674 Longest Continuous Increasing Subsequence
Given an unsorted array of integers nums
, return the length of the longest continuous increasing subsequence (i.e. subarray). The subsequence must be strictly increasing.
A continuous increasing subsequence is defined by two indices l
and r
(l < r
) such that it is [nums[l], nums[l + 1], ..., nums[r - 1], nums[r]]
and for each l <= i < r
, nums[i] < nums[i + 1]
.
Example 1:
Input: nums = [1,3,5,4,7]
Output: 3
Explanation: The longest continuous increasing subsequence is [1,3,5] with length 3.

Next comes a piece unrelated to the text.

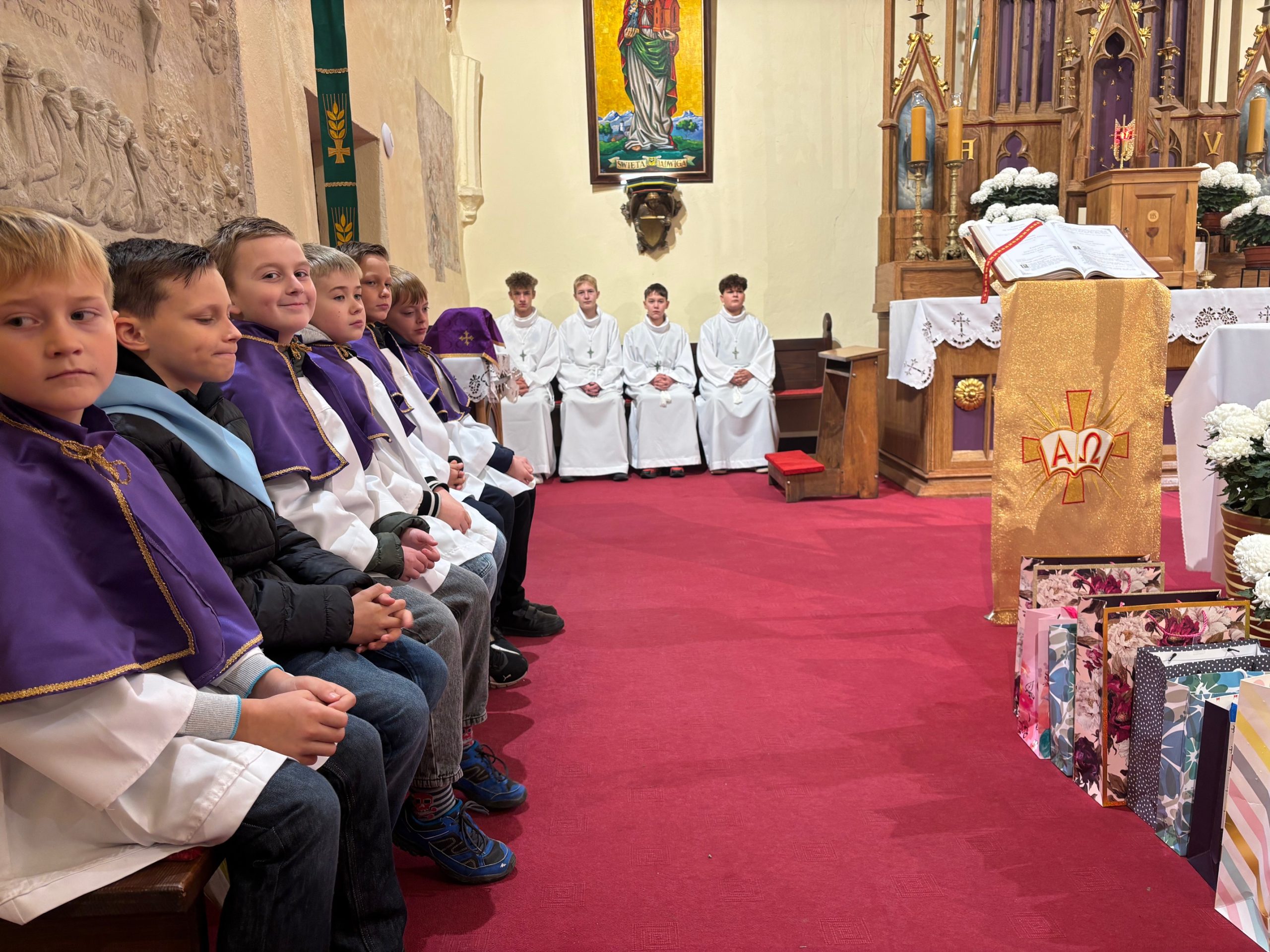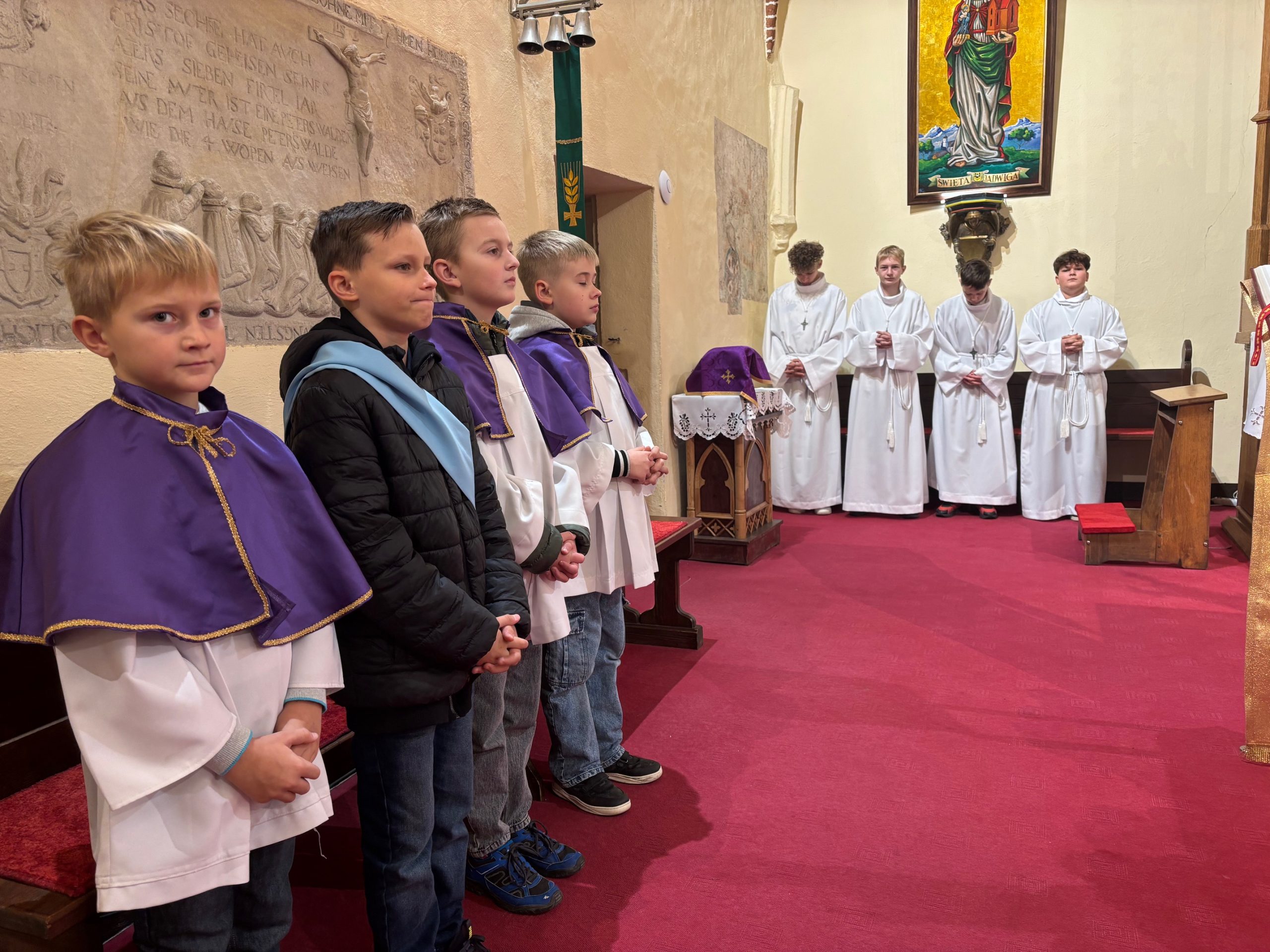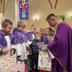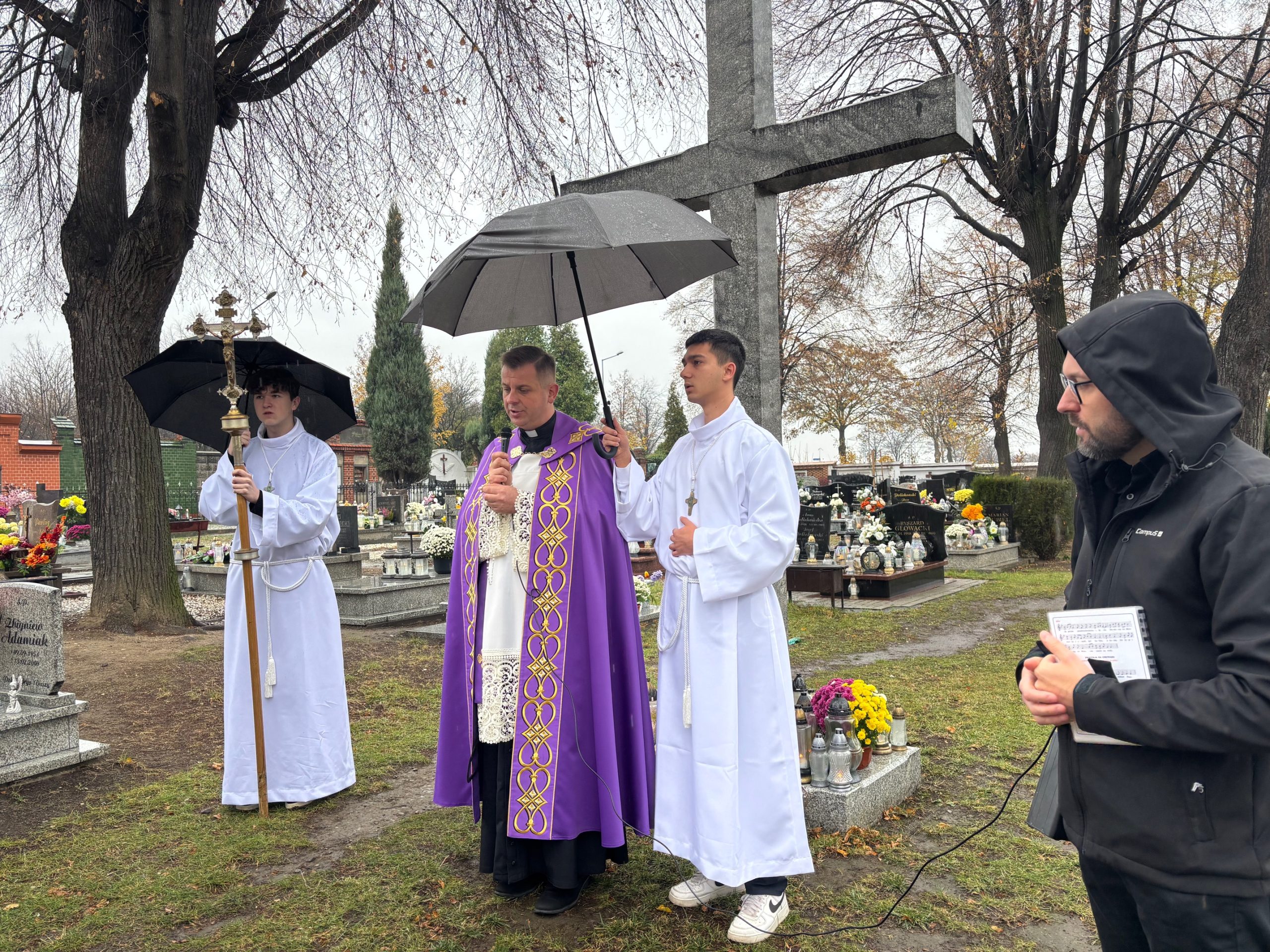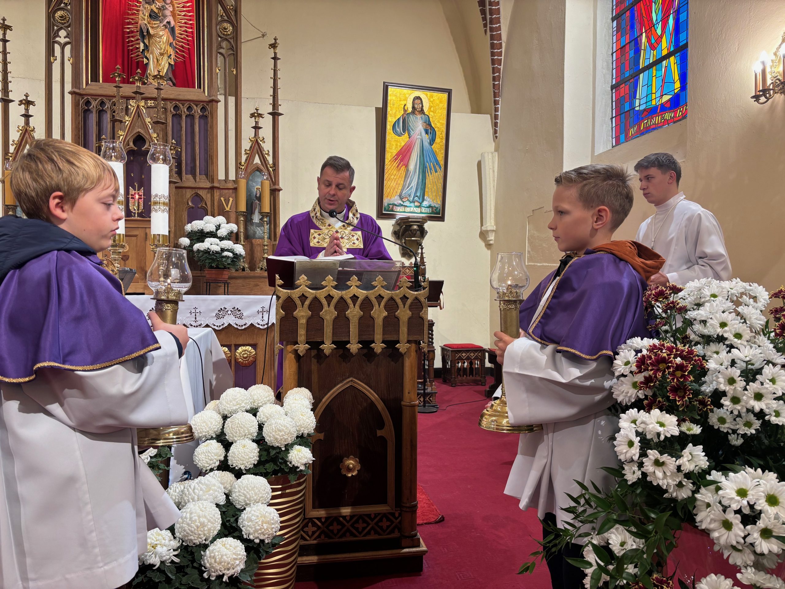 Niebo nie może czekać, mawiał święty Carlo Acutis. W Dzień Zaduszny, kiedy stoimy nad grobami naszych bliskich i myślimy o tych, którzy jeszcze potrzebują modlitwy i przebywają w czyśćcu, św. Carlo w relikwii gości w naszej parafii. To czas na zapytanie siebie o świętość i niebo. Rano, po Mszy o godz. 9.00 wierni udali się na cmentarz, aby się modlić za zmarłych Koronką do Bożego Miłosierdzia. Na Mszy św. o godz. 11.00 w kazaniu ks. Marcin przypomniał, że śmierć nie jest końcem, a podstawą do wiary w życie wieczne jest zmartwychwstanie Jezusa. W wyznaniu wiary co niedzielę wypowiadamy: „wierzę w (…) ciała zmartwychwstanie, żywot wieczny”. W to głęboko wierzył św. Carlo Acutis i mimo choroby ufał Bogu. Pomocą w przybliżeniu podczas kazania postaci tego świętego był krótki film o nim. Św. Carlo kochał różaniec i Matkę Bożą, dlatego na koniec Mszy św. dzieci, które uczestniczyły w nabożeństwach różańcowych otrzymały pamiątkowe upominki, a wszystkie dzieci dostały magnesy z wizerunkiem św. Carla Acutisa.

Even though [1,3,5,7] is an increasing subsequence, it is not continuous as elements 5 and 7 are separated by element
4.
Example 2:
Input: nums = [2,2,2,2,2]
Output: 1
Explanation: The longest continuous increasing subsequence is [2] with length 1. Note that it must be strictly
increasing.
Solution:
class Solution {
public int findLengthOfLCIS(int[] nums) {
// base case
if (nums.length <= 1){
return nums.length;
}
int cur = 1;
int result = 1;
for (int i = 1; i < nums.length; i++){
if (nums[i] > nums[i-1]){
cur = cur + 1;
result = Math.max(cur, result);
}else{
cur = 1;
}
}
return result;
}
}
/*
1 3 5 4 7
i
cur = 1
r = 3
if (nums[i] > nums[i-1]){
cur = cur+1;
r = Math.max(cur, r);
}else{
cur = 1;
}
return result;
*/
// TC: O(n)
// SC: O(1)